- Born: August 17, 1924 Chipping Barnet, London
- Died: February 7, 1995 (aged 70) St John's Wood, London
- Education: St Hugh's College, Oxford
- Occupations: Librarian, historian
- Employer: British Museum
- Awards: Caird Medal; Victoria Medal;

= Helen Wallis =

Helen Margaret Wallis (17 August 1924 – 7 February 1995) was the Map Curator at the British Museum (afterwards the British Library) from 1967 to 1987.

==Biography==
Born at Dunkery, Park Road, Barnet on 17 August 1924, Wallis was the daughter of Leonard Francis Wallis (1880–1965), headmaster, and Mary McCulloch Jones (1884–1957), teacher. She attended St Paul's Girls' School (1934–43) and studied geography at St Hugh's College, Oxford (1945–1954), where she completed her D.Phil. degree in 1954 with a thesis 'The exploration of the South Sea, 1519 to 1644'.

In 1951, she was appointed assistant to R.A. Skelton, superintendent of the Map Room at the British Museum, succeeding him in 1967. She was the first woman to hold the post. In 1968 she was responsible for the acquisition of the map collection of the Royal United Services Institution. She also discovered the earliest version of England's first globe, by Emery Molyneux and thought to date from 1592, at Petworth House.

She was the chairman of the standing commission on the history of cartography of the International Cartographic Association. In 1986, she became president of the International Map Collectors' Society and she was a founder of The Geography and Map Section of the International Federation of Library Associations. She served as President of The Society for Nautical Research, 1972–1988, and President of the British Cartographic Society. She was appointed OBE in the 1986 Birthday Honours.

Key publications include Carteret's voyage round the world, 1766–1769, Cartographical innovations, and the Historians' guide to early British maps.

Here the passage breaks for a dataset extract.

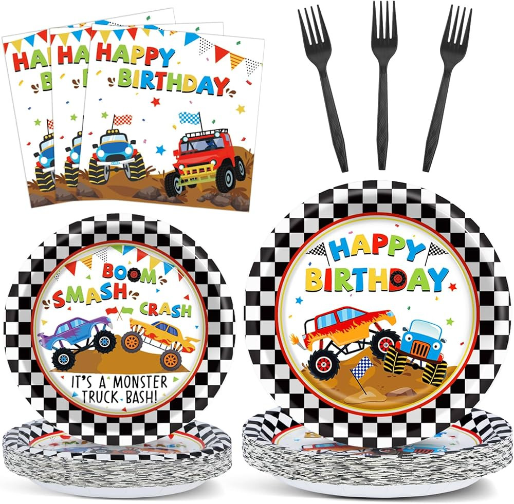 Monster Truck Party Tableware Set Monster Truck Plates and Napkins Monster Truck Party Supplies D...

She retired from the British Library in 1986, then died of cancer on 7 February 1995 at the Hospital of St John and St Elizabeth in St John's Wood, London. An obituary written by W.R. Mead appeared in The Independent, 14 February 1995. Another obituary was published in the IFLA Journal.

==Honours and awards==

- Order of the British Empire, 1986
- Hon. D.Litt. Davidson College, North Carolina
- Honorary Fellow of Portsmouth Polytechnic
- Society Medal of the British Cartographic Society
- Caird Medal of the National Maritime Museum
- Victoria Medal of the Royal Geographical Society
- Honorary Fellow of the International Cartographic Association
- Honorary Fellow of the Library Association
- Fellow of the Society of Antiquaries of London.